Exercise requirements –
Restate the data word for word. Leave the pictures out.

———

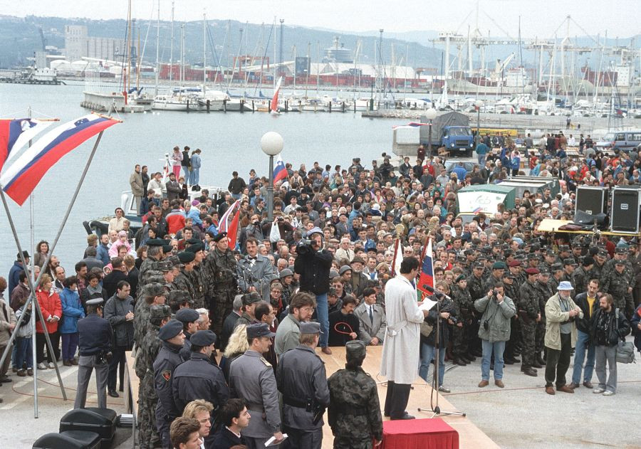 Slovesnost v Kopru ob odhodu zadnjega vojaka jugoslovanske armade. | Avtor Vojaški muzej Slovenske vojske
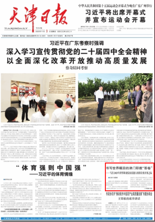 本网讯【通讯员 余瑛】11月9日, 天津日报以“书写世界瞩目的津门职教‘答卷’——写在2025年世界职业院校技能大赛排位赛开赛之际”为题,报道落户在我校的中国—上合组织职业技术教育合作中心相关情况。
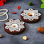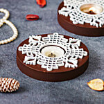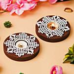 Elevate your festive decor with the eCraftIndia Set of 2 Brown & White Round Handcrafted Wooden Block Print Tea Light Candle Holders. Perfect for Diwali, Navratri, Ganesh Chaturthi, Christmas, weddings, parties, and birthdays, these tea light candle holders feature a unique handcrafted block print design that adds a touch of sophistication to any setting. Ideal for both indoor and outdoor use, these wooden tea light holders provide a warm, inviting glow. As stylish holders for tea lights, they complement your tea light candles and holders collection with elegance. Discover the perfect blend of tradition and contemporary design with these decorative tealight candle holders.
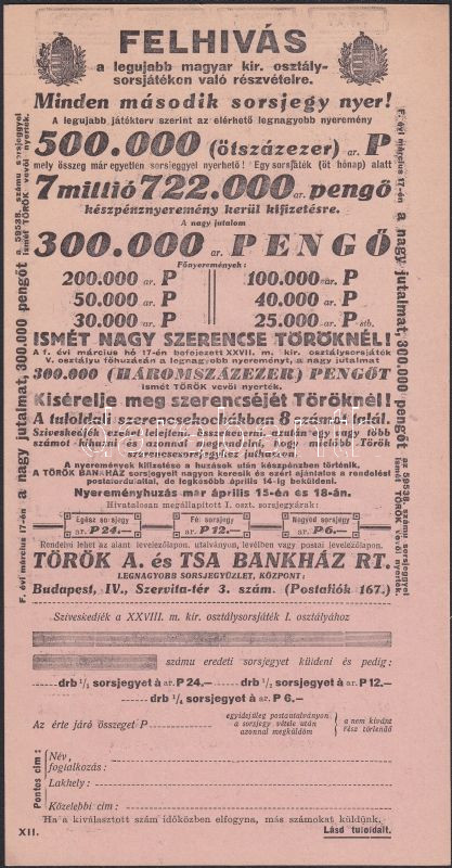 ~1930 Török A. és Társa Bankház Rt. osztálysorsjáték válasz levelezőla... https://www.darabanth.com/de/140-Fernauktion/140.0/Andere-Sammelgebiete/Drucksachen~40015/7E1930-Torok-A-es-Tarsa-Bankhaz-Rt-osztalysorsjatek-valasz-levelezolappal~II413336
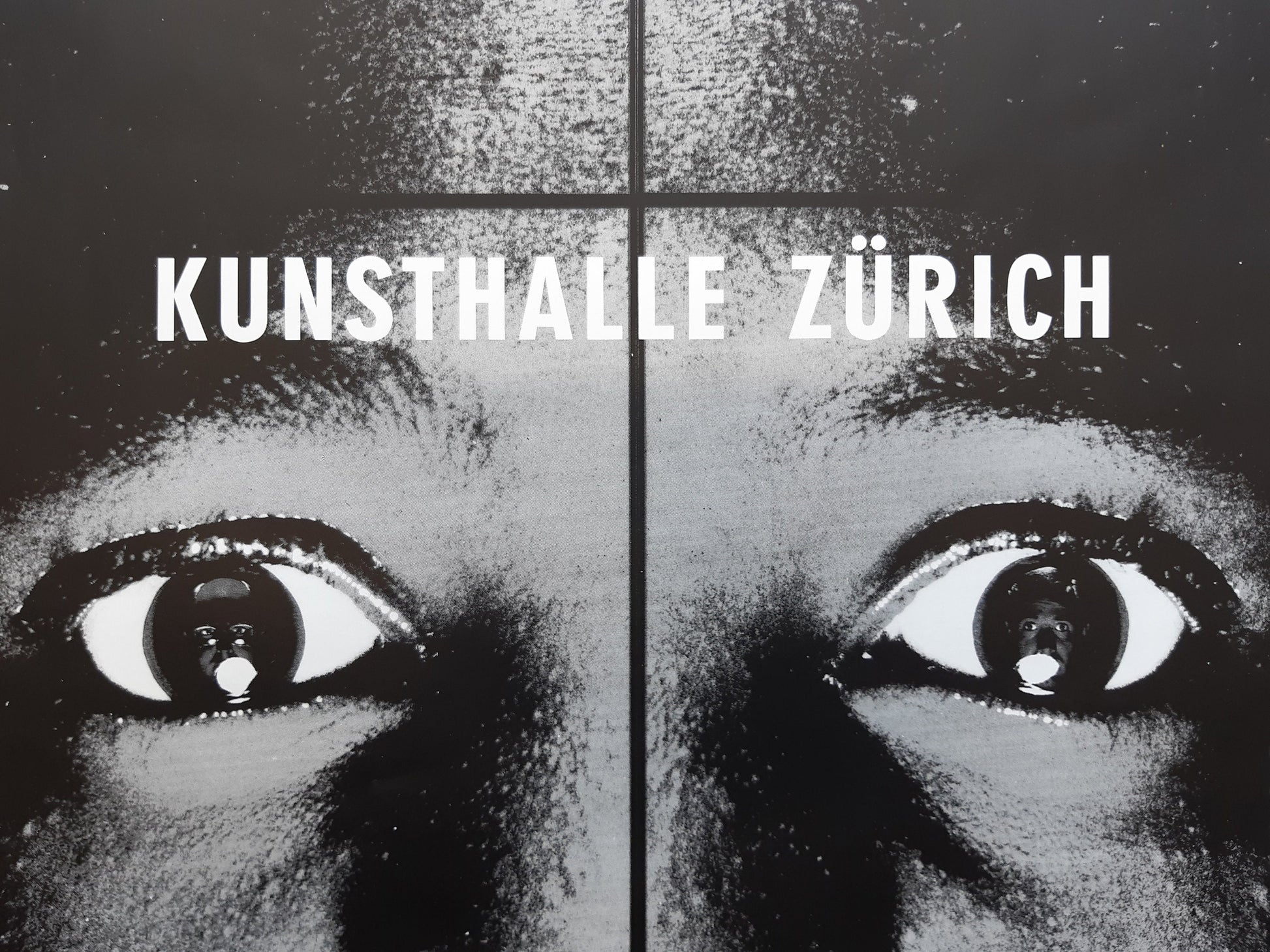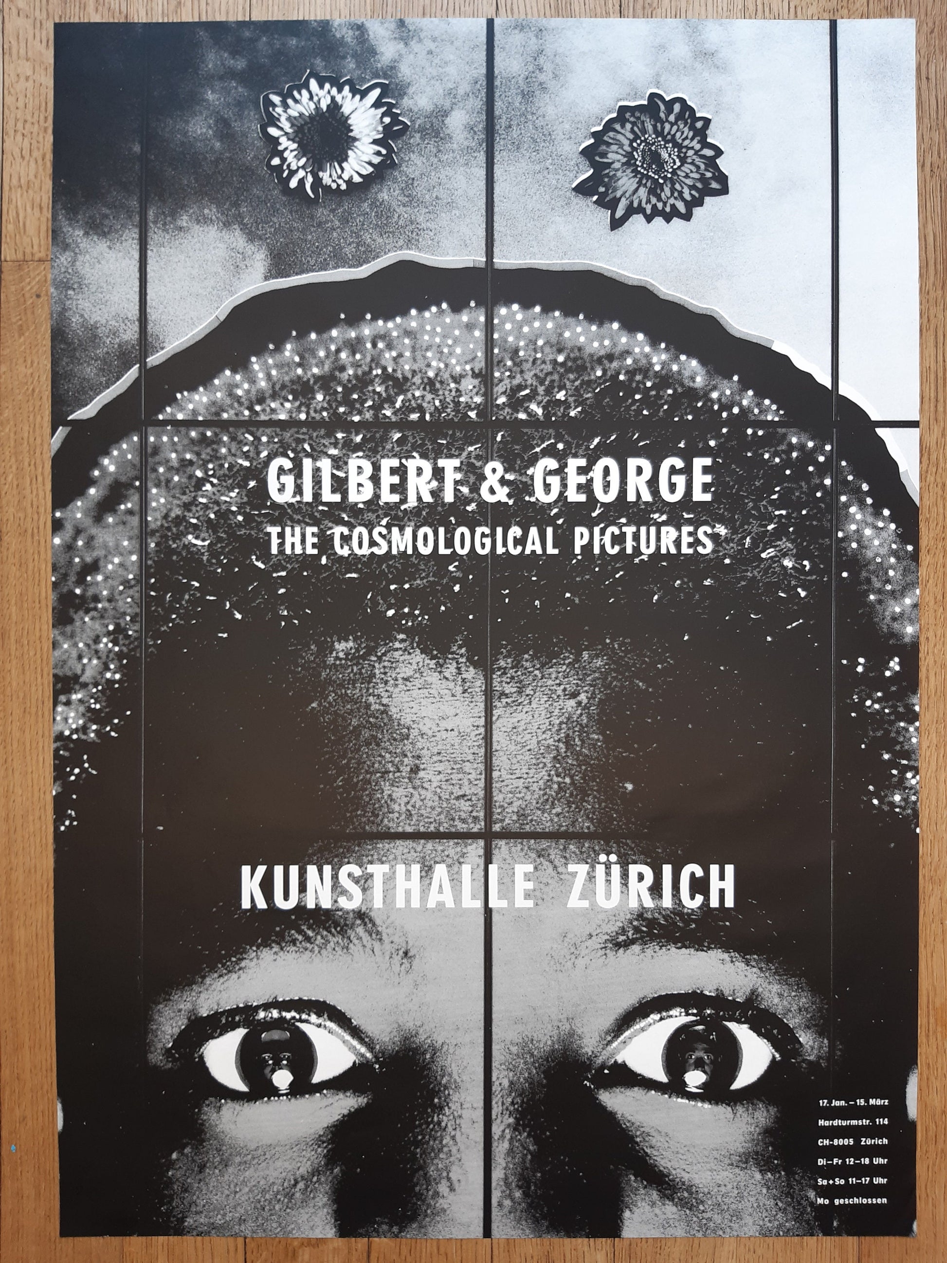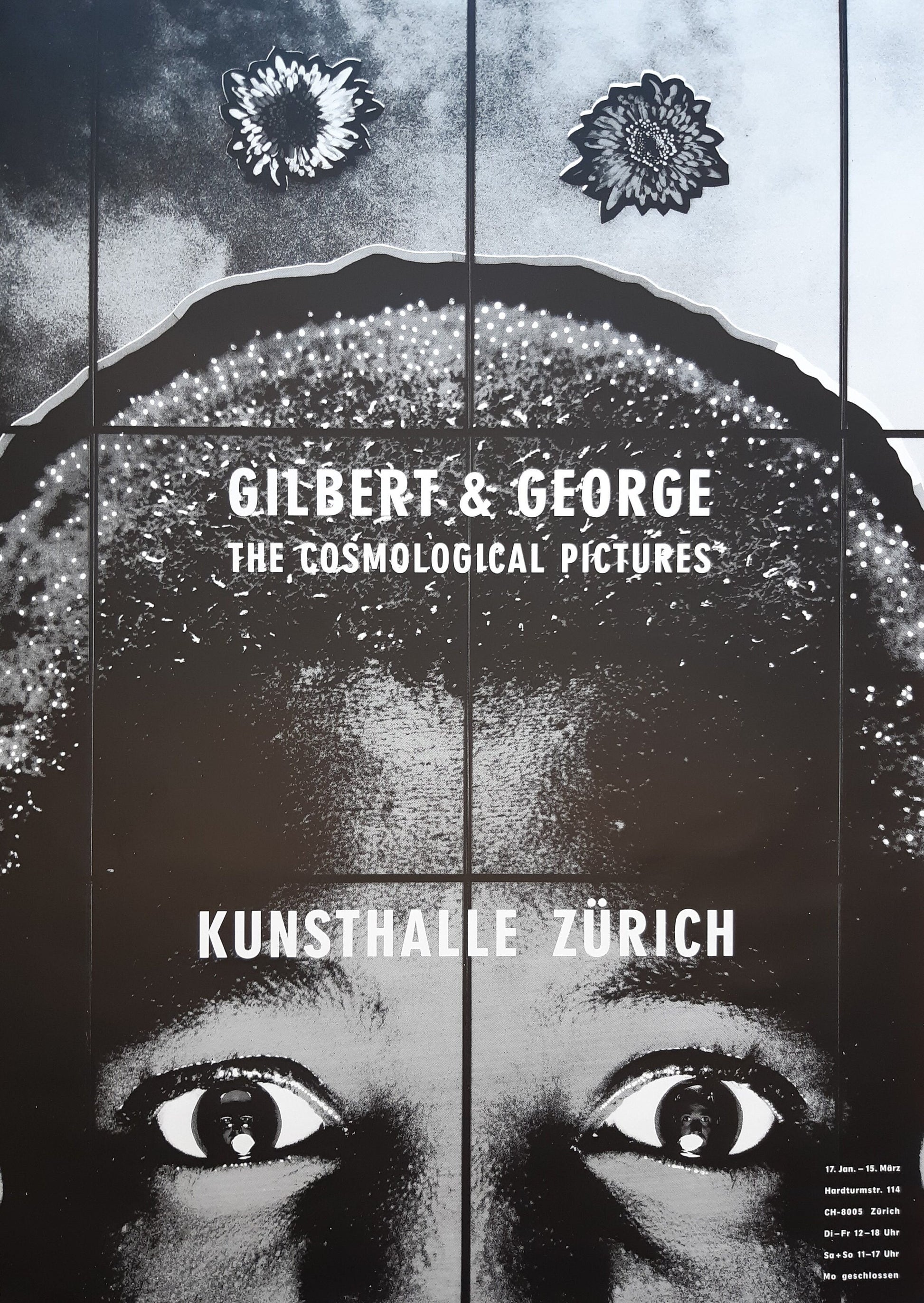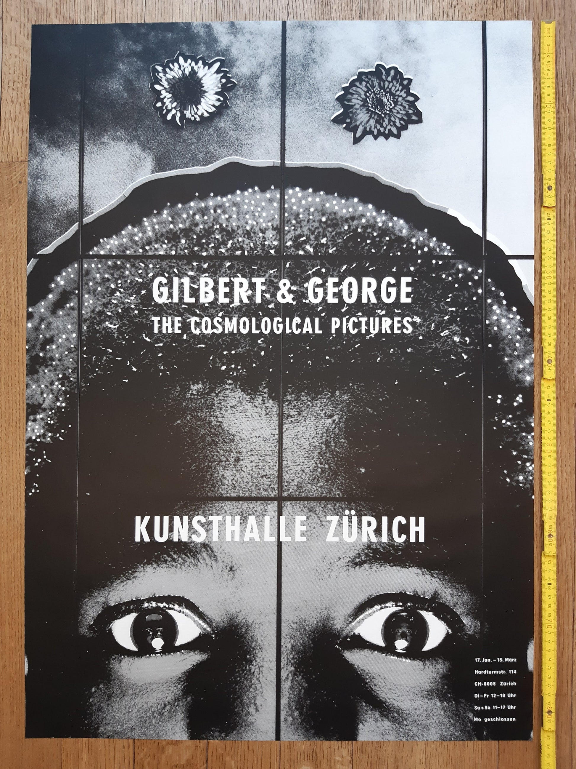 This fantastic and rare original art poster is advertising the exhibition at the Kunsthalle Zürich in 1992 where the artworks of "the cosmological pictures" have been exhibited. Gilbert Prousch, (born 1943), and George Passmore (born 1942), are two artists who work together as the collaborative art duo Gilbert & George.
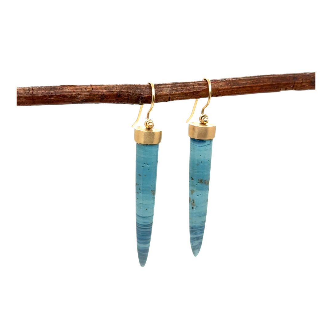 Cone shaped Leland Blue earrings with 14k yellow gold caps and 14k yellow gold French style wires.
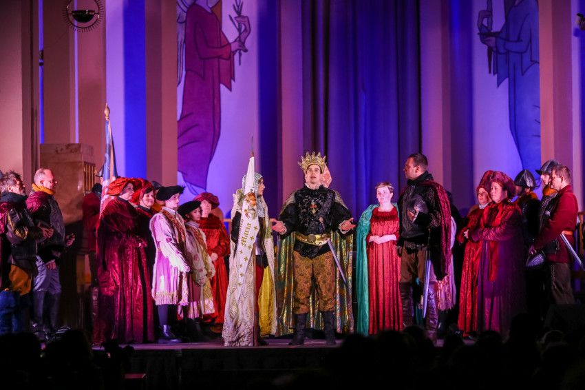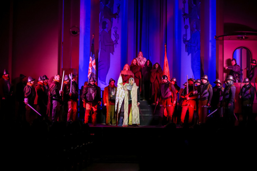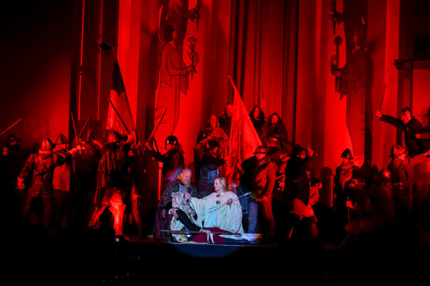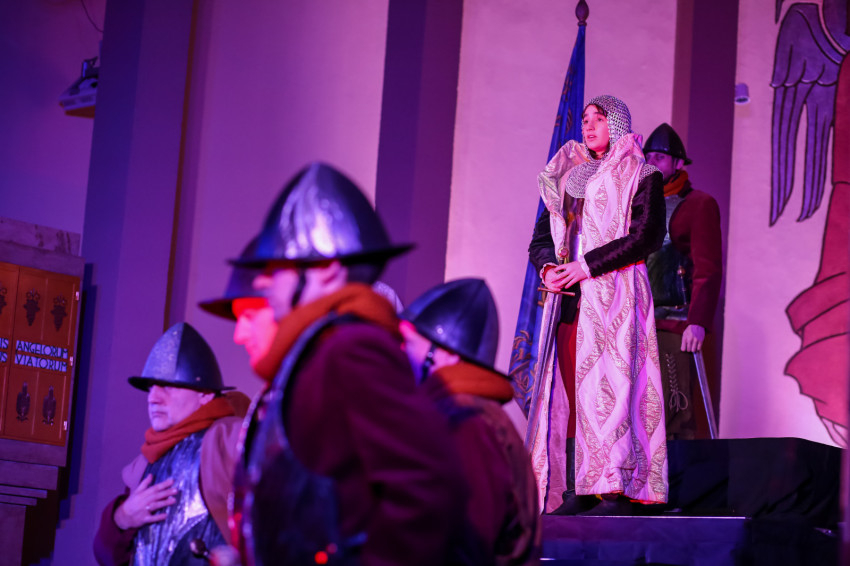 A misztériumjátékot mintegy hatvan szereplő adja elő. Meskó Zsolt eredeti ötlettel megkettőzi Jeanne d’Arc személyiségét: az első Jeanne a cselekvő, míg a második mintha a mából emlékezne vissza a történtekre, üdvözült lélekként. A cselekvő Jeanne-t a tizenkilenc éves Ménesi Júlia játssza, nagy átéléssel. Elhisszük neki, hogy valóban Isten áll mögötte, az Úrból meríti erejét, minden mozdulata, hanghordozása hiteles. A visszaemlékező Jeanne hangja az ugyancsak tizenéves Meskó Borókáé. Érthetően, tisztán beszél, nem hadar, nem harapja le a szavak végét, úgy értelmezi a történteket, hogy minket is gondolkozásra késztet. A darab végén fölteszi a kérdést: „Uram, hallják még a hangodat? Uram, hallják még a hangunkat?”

———

Output for this task –
 Slovesnost v Kopru ob odhodu zadnjega vojaka jugoslovanske armade. | Avtor Vojaški muzej Slovenske vojske
 本网讯【通讯员 余瑛】11月9日, 天津日报以“书写世界瞩目的津门职教‘答卷’——写在2025年世界职业院校技能大赛排位赛开赛之际”为题,报道落户在我校的中国—上合组织职业技术教育合作中心相关情况。
 Elevate your festive decor with the eCraftIndia Set of 2 Brown & White Round Handcrafted Wooden Block Print Tea Light Candle Holders. Perfect for Diwali, Navratri, Ganesh Chaturthi, Christmas, weddings, parties, and birthdays, these tea light candle holders feature a unique handcrafted block print design that adds a touch of sophistication to any setting. Ideal for both indoor and outdoor use, these wooden tea light holders provide a warm, inviting glow. As stylish holders for tea lights, they complement your tea light candles and holders collection with elegance. Discover the perfect blend of tradition and contemporary design with these decorative tealight candle holders.
 ~1930 Török A. és Társa Bankház Rt. osztálysorsjáték válasz levelezőla... https://www.darabanth.com/de/140-Fernauktion/140.0/Andere-Sammelgebiete/Drucksachen~40015/7E1930-Torok-A-es-Tarsa-Bankhaz-Rt-osztalysorsjatek-valasz-levelezolappal~II413336
 This fantastic and rare original art poster is advertising the exhibition at the Kunsthalle Zürich in 1992 where the artworks of "the cosmological pictures" have been exhibited. Gilbert Prousch, (born 1943), and George Passmore (born 1942), are two artists who work together as the collaborative art duo Gilbert & George.
 Cone shaped Leland Blue earrings with 14k yellow gold caps and 14k yellow gold French style wires.
 A misztériumjátékot mintegy hatvan szereplő adja elő. Meskó Zsolt eredeti ötlettel megkettőzi Jeanne d’Arc személyiségét: az első Jeanne a cselekvő, míg a második mintha a mából emlékezne vissza a történtekre, üdvözült lélekként. A cselekvő Jeanne-t a tizenkilenc éves Ménesi Júlia játssza, nagy átéléssel. Elhisszük neki, hogy valóban Isten áll mögötte, az Úrból meríti erejét, minden mozdulata, hanghordozása hiteles. A visszaemlékező Jeanne hangja az ugyancsak tizenéves Meskó Borókáé. Érthetően, tisztán beszél, nem hadar, nem harapja le a szavak végét, úgy értelmezi a történteket, hogy minket is gondolkozásra késztet. A darab végén fölteszi a kérdést: „Uram, hallják még a hangodat? Uram, hallják még a hangunkat?”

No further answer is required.